The verification of the duplicate digital video may occur at substantially the same time as the copying process, as shown in
The invention may also embody a user interface designed for an operator to visualize or hear the detected differences between the digital video master and the duplicate digital video and have access simultaneously to the errors in the log file presented as summary statistics for the duplicate digital video. In a typical scenario, the operator examines, as on a monitor, and listens to, via speakers or headphones, those areas of divergence which are above a certain threshold The operator then makes a final decision on whether to accept the copy based on artistic and other criteria. In particular, there is no need for the operator to scan the entire duplicate video; he need only focus on the detected differences. In this way, the amount of time needed for duplicate verification is substantially reduced, and it is less likely that flawed copies are accepted as duplicates.
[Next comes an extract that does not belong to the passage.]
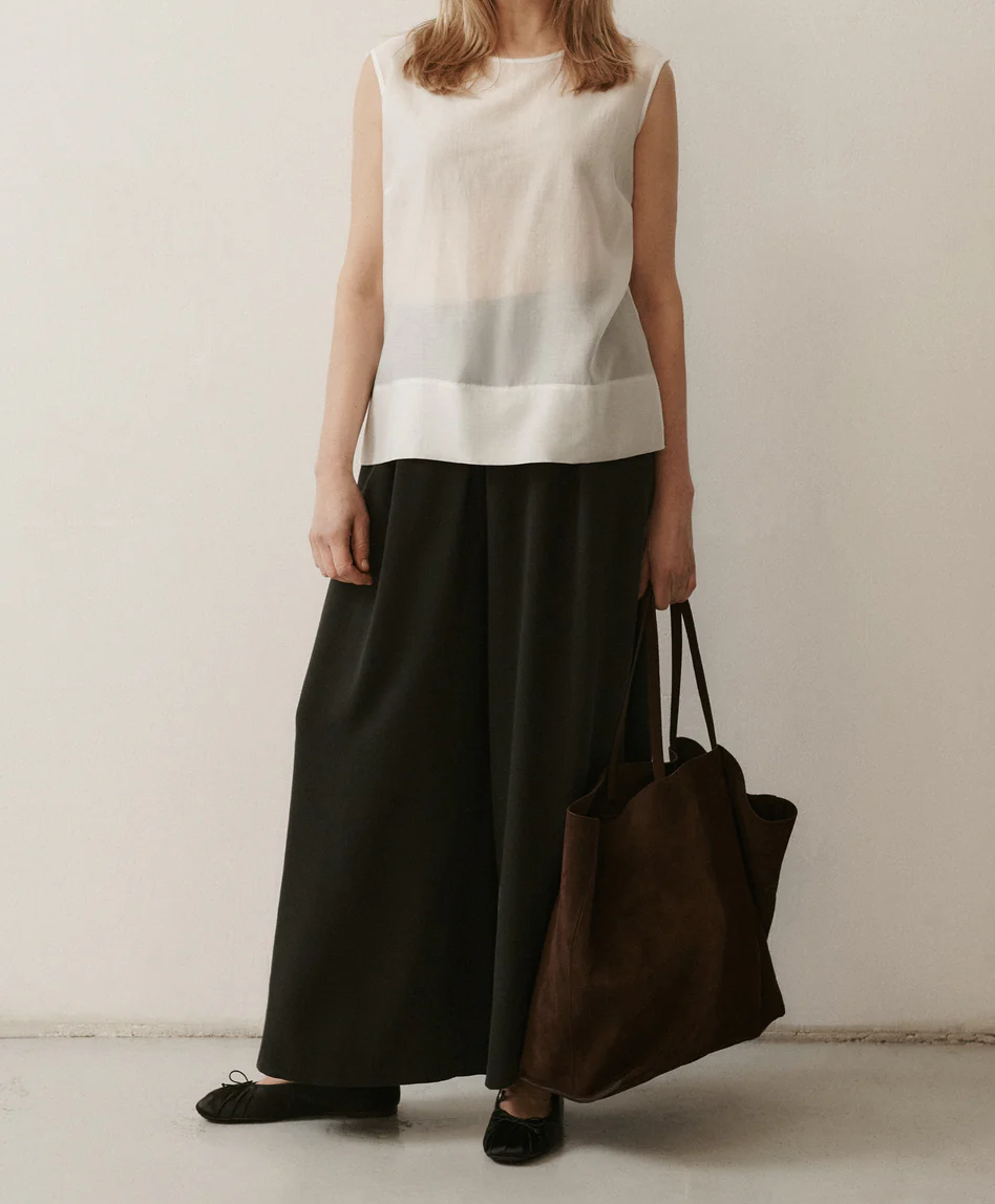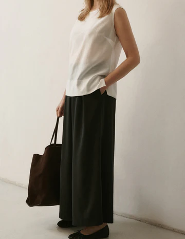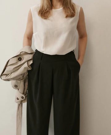 Spodnie ANGELA o szerokiej nogawce z zakładkami to model, który łączy komfort z nowoczesną linią. Uszyte z tkaniny tencel pozostają lekkie, oddychające i przyjemne dla skóry, a materiał miękko układa się na sylwetce i pracuje w ruchu. Długość do kostki nadaje nowoczesne proporcje, a szeroka nogawka tworzy płynną linię. Elastyczna guma w tylnej części pasa zapewnia wygodne dopasowanie. Kieszenie stanowią praktyczne dopełnienie o minimalistycznym charakterze.

In an alternative embodiment, the disclosed apparatus and method for identifying inconsistencies in duplicate digital video tapes may be implemented as a computer program product for use with a computer system. Such implementation may include a series of computer instructions fixed either on a tangible medium, such as a computer readable medium (e.g., a diskette, CD-ROM, ROM, or fixed disk) or transmittable to a computer system, via a modem or other interface device, such as a communications adaptor connected to a network over a medium. The medium may be either a tangible (e.g., optical or analog communications lines) or a medium implemented with wireless techniques (e.g., microwave, infrared, or other transmission techniques). The series of computer instructions embodies all or part of the functionality previously described herein with respect to the system and method. Those skilled in the art should appreciate that such computer instructions can be written in a number of programming languages for use with may computer architectures or operating systems. Further, such instructions may be stored in any memory device, such as a semiconductor, magnetic, optical or other memory devices, and may be transmitted using any communications technology, such as optical, infrared, microwave, or other transmission technologies. It is expected that such a computer program product may be distributed as a removable medium with accompanying printed or electronic documentation (e.g., shrink wrapped software), pre-loaded with a computer system (e.g., on system ROM or fixed disk), or distributed from a server or electronic bulletin board over a network (e.g., the Internet or World Wide Web). Of course, some embodiments of the invention may be implemented as a combination of both software (e.g., a computer program product) and hardware. Still other embodiments of the invention are implemented as entirely hardware, or entirely software (e.g., a computer program product).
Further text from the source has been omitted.